■ **DATASET RECORDS**
--- --- ---

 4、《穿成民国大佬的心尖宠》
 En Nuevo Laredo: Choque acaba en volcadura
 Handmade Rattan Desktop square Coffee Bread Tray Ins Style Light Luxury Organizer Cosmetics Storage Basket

--- --- ---

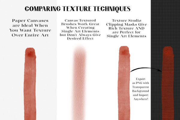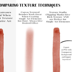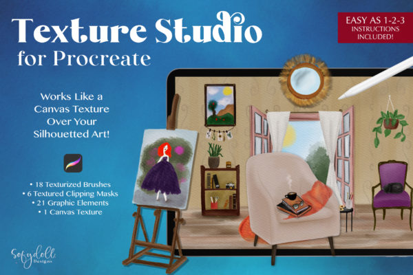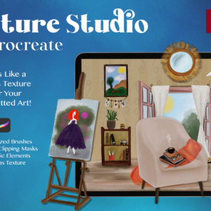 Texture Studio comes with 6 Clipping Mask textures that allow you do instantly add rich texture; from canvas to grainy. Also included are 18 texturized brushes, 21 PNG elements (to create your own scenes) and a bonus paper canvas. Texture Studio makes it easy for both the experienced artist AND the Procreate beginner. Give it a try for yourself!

--- --- ---

Only the lines above starting at the line that holds "4、《穿成民国大佬的心尖宠》" and ending at the line that holds "Handmade Rattan Desktop" are to be repeated, exactly and in full.

 4、《穿成民国大佬的心尖宠》
 En Nuevo Laredo: Choque acaba en volcadura
 Handmade Rattan Desktop square Coffee Bread Tray Ins Style Light Luxury Organizer Cosmetics Storage Basket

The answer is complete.